» **Entries supplied**
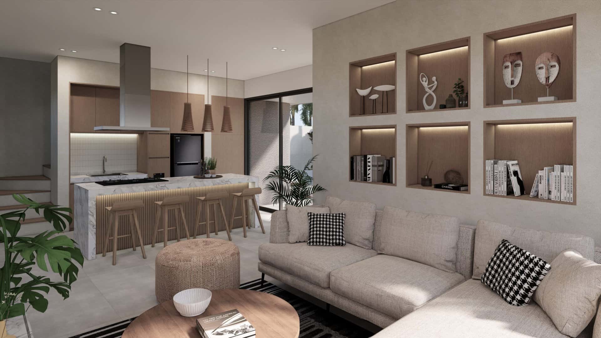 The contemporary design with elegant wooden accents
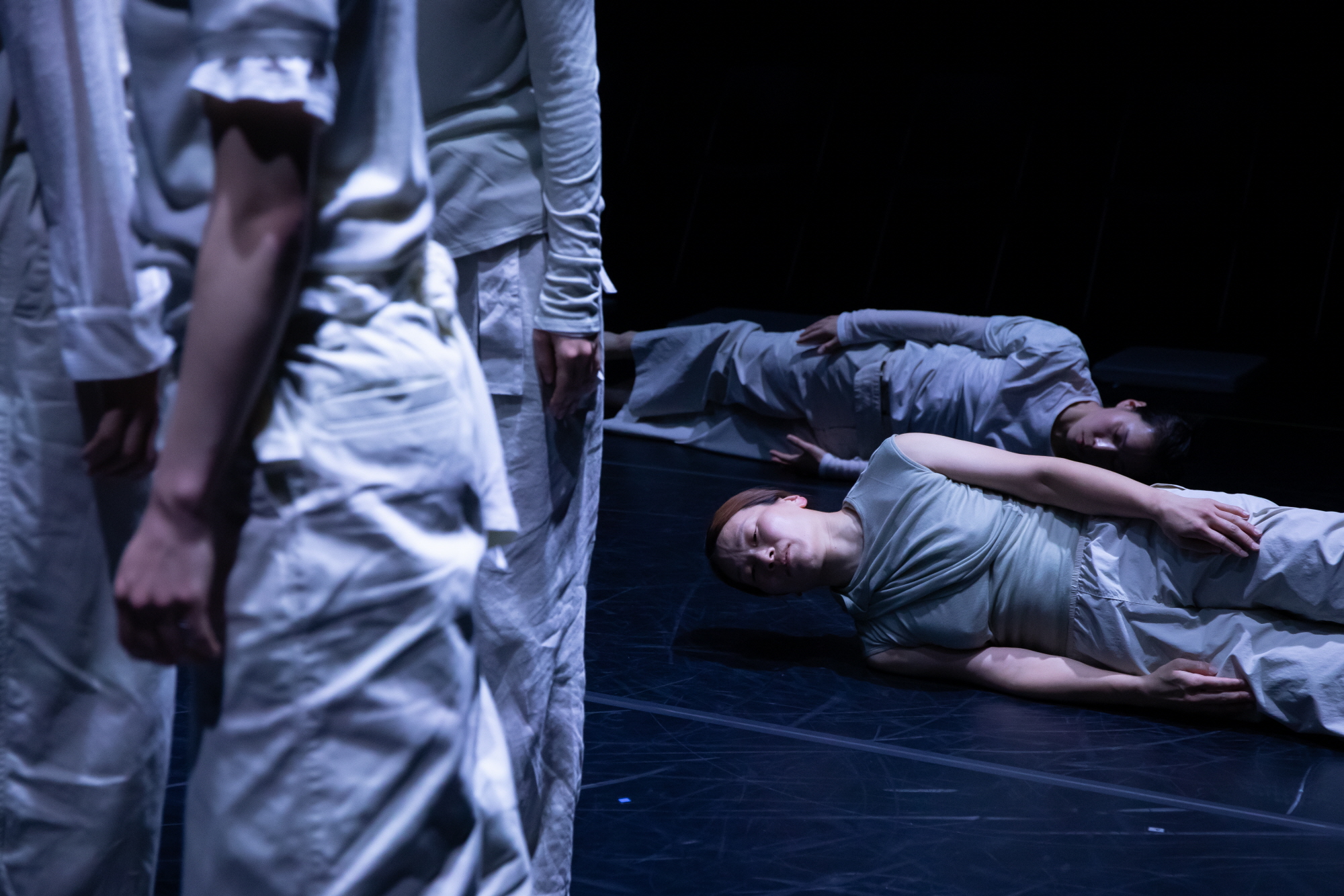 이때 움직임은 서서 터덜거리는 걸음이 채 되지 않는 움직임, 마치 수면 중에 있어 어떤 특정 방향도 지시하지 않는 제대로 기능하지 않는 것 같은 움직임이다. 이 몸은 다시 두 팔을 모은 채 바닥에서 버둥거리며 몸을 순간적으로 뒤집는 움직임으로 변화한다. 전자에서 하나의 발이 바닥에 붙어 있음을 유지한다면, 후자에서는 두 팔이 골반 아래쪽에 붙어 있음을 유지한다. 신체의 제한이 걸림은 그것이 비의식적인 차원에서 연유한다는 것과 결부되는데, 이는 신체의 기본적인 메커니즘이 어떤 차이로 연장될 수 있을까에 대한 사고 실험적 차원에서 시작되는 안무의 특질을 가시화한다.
==
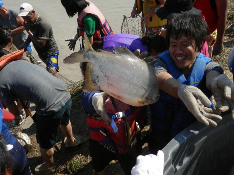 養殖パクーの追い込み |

» **What the task asks**
Above are the records; return the lines in them from the one with "The contemporary design" to the one with "이때 움직임은 서서 터덜거리는", inclusive, exactly and without images.

» **Answer space**
 The contemporary design with elegant wooden accents
 이때 움직임은 서서 터덜거리는 걸음이 채 되지 않는 움직임, 마치 수면 중에 있어 어떤 특정 방향도 지시하지 않는 제대로 기능하지 않는 것 같은 움직임이다. 이 몸은 다시 두 팔을 모은 채 바닥에서 버둥거리며 몸을 순간적으로 뒤집는 움직임으로 변화한다. 전자에서 하나의 발이 바닥에 붙어 있음을 유지한다면, 후자에서는 두 팔이 골반 아래쪽에 붙어 있음을 유지한다. 신체의 제한이 걸림은 그것이 비의식적인 차원에서 연유한다는 것과 결부되는데, 이는 신체의 기본적인 메커니즘이 어떤 차이로 연장될 수 있을까에 대한 사고 실험적 차원에서 시작되는 안무의 특질을 가시화한다.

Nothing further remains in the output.